You might find Cape May Diamonds at Sunset, but you need to know what you’re looking for. There are no lifeguards, the sand is a little rough and it’s not one of the sexier beaches on the island, but it’s worth a look.

“My sister and I always come to Sunset,” said Alyisa Mercaldo, 20, of Green Creek. “It’s just where we like to be. I like to look for diamonds.”

A fun and easy bike ride down Sunset Boulevard to Sunset Beach should be on your list of things to do. Look for Fire Control Tower #23 in the scrub and take a tour.

Cape May Point beach

Cape May Point beach

Cape May Point

I love the point. Quaint, quiet, 99.9 percent residential, unassuming, independent, close-knit and fun loving, “The Point” is a unique spot. It reminds me of some remote seaside outpost; constantly battling with a furious ocean intent on devouring the beaches and driving residents further inland. But Point residents, all six of them (I kid), are fiercely independent and sweep the sand out of the streets every spring and carry on.

The Point, with the help of the Army Corps of Engineers, has been refurbishing its entire stretch of beach for several years.
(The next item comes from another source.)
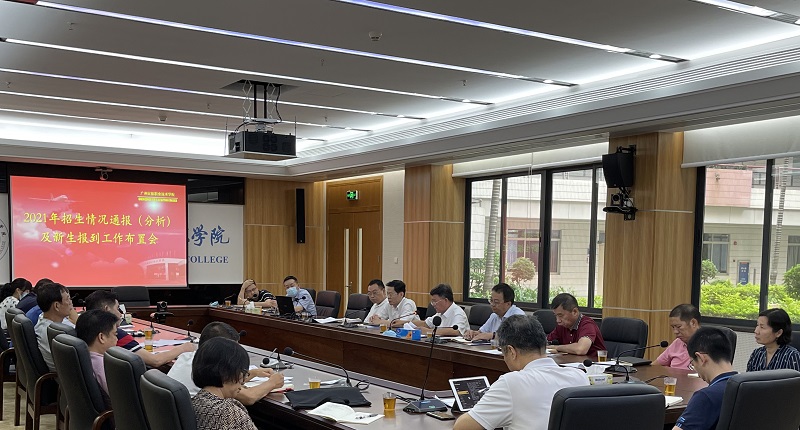 招生就业处通报了2021年招生工作情况,分析了明年生源专业选择趋势。五个二级学院及相关参会处室领导作发言。

As a result, the beaches are wider and flatter than they’ve been in years. It’s a much mellower vibe than Cape May City and the beach patrol are a fun, friendly and professional bunch.

“I’m not sure I should tell you about my favorite spot,” said Jen Kopp of Lower Township. “But I like St. Peter’s in the Point. It’s quiet, there’s free parking – it’s my secret spot.”

Not much in the way of amenities in the point and that’s the way they like it out there. Pack a lunch and understand that facilities are very limited.

Cape May Point State Park

point

Cape May Point state park

A beach replenishment project meant that the park had to add new walkways across the dunes in the park. And a much-debated effort to rid the area of invasive phragmites has cleared large tracts of the park of the unsightly reeds and opened new vistas that haven’t been seen in awhile.

The concrete bunker now sits on dry land thanks to untold tons of sand pumped onto the beach. The beach is free but swimming is still prohibited due to underwater hazards, like railroad tracks and the remnants of World War II gun batteries.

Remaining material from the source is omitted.